Type out the listing below exactly. Pictures stay out of it.

» Supplied data
-.-.-

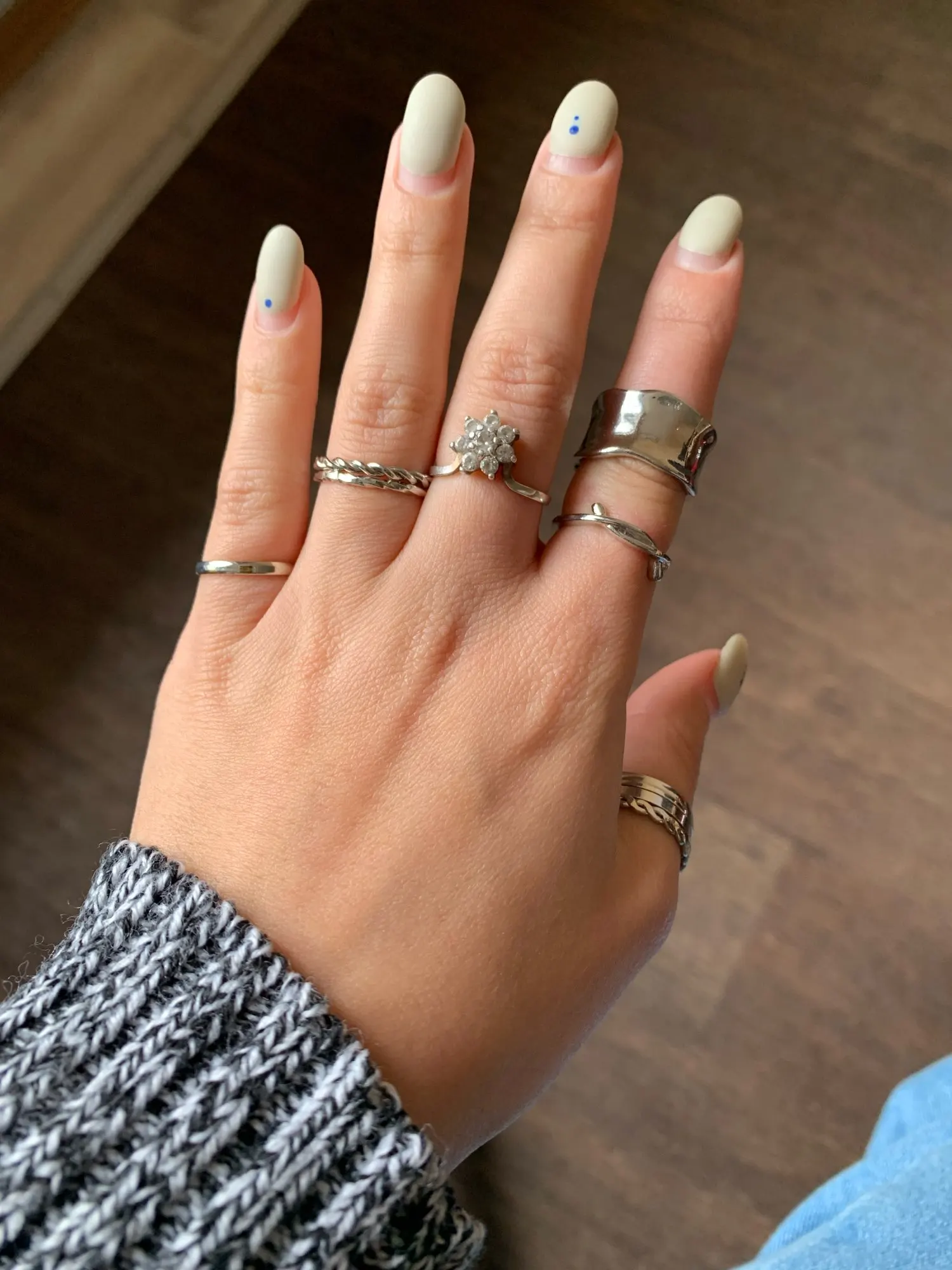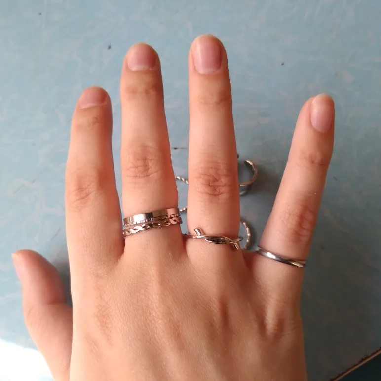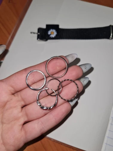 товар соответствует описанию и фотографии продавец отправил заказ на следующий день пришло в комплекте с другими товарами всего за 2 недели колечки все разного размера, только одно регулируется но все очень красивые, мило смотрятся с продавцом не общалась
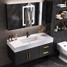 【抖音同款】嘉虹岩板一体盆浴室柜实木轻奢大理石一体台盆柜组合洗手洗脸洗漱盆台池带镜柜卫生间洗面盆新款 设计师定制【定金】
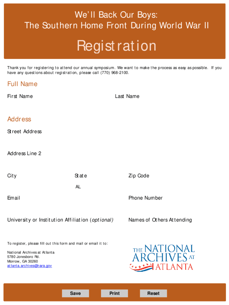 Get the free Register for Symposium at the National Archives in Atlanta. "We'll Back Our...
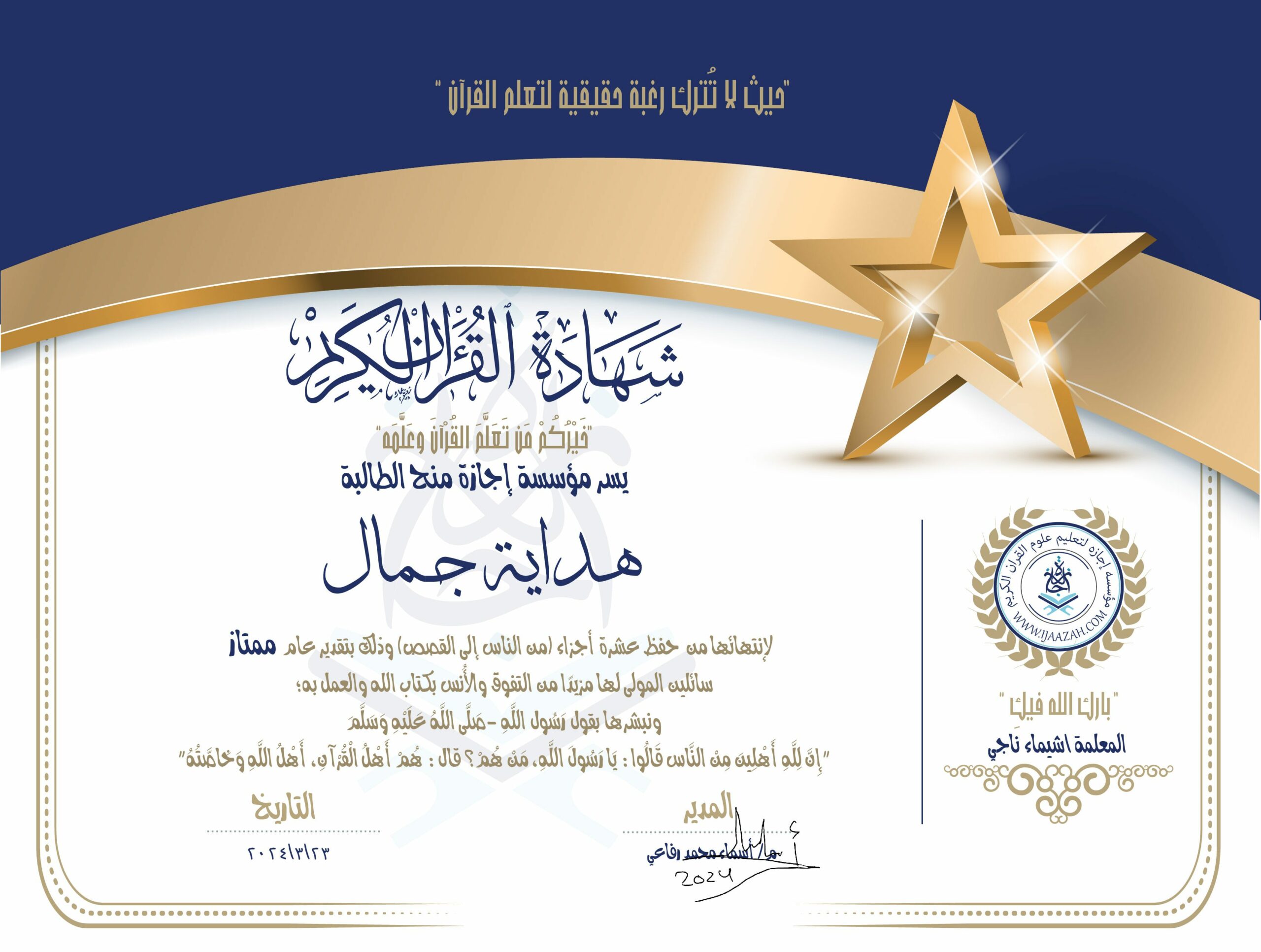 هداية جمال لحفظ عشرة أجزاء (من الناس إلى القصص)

-.-.-

» Answer area
 товар соответствует описанию и фотографии продавец отправил заказ на следующий день пришло в комплекте с другими товарами всего за 2 недели колечки все разного размера, только одно регулируется но все очень красивые, мило смотрятся с продавцом не общалась
 【抖音同款】嘉虹岩板一体盆浴室柜实木轻奢大理石一体台盆柜组合洗手洗脸洗漱盆台池带镜柜卫生间洗面盆新款 设计师定制【定金】
 Get the free Register for Symposium at the National Archives in Atlanta. "We'll Back Our...
 هداية جمال لحفظ عشرة أجزاء (من الناس إلى القصص)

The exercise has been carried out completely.